The Most Expensive Sleep of His Life

There is something about Hawaii that softens everyone in our family.

Maybe it is the air. Maybe it is the way the days seem to last twice as long as they do at home. We have been many times, and the trips blur into one long warm memory. But there is one moment from the Big Island that I think about more than any other.

My boys were four and six. We had booked a helicopter tour over the volcanoes, the kind of experience you plan for months, the kind you imagine your children pressed against the window for, wide-eyed, exactly like the pictures.

For most of the flight, that is exactly what happened. Two small faces. The lava fields stretching out below us. A waterfall. A valley I will never forget as long as I live.

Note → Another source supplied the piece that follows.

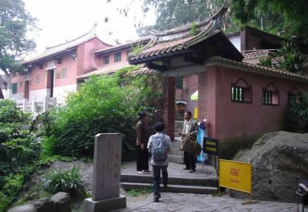 這里巨石峭立,古木參天,近旁的天侶呈瑞,是兩株不同的樹種緊緊地抱在一起,一棵為重陽(yáng)木、一棵是榕樹,樹根相盤,樹身相抱,樹丫纏繞,如膠如漆,歷經(jīng)歷300多年,宛如一對(duì)忠貞不渝的戀人。

And then, with about twenty minutes still to go, the steady drone of the rotor blades did what every long car journey has always done to my younger son.

He fell asleep.

Head against the window. Completely still. The most expensive nap of his life.

I remember laughing and feeling mildly defeated in equal measure. And yet I do not remember feeling cheated. I remember looking at his small face against the glass, his older brother still completely transfixed beside him, my husband grinning at the whole absurdity of it. And thinking: we are all here. This is the trip.

Years later, he has almost no memory of the helicopter. But he can describe in detail the shaved ice we had afterwards. The gecko on the wall outside the hotel room. The night we ate pizza on the patio because everyone was too tired to go out.

Children do not always remember the moments we plan for them. They remember the moments we share with them.

It changed how I think about family travel, for my own family, and for every family I work with. The best trips have breathing room built in. Not every day needs to be the helicopter. Some of the most important days are the ones where nothing is scheduled and something unexpected happens instead.

Those days rarely make the highlight reel. But they are often what makes the whole trip work.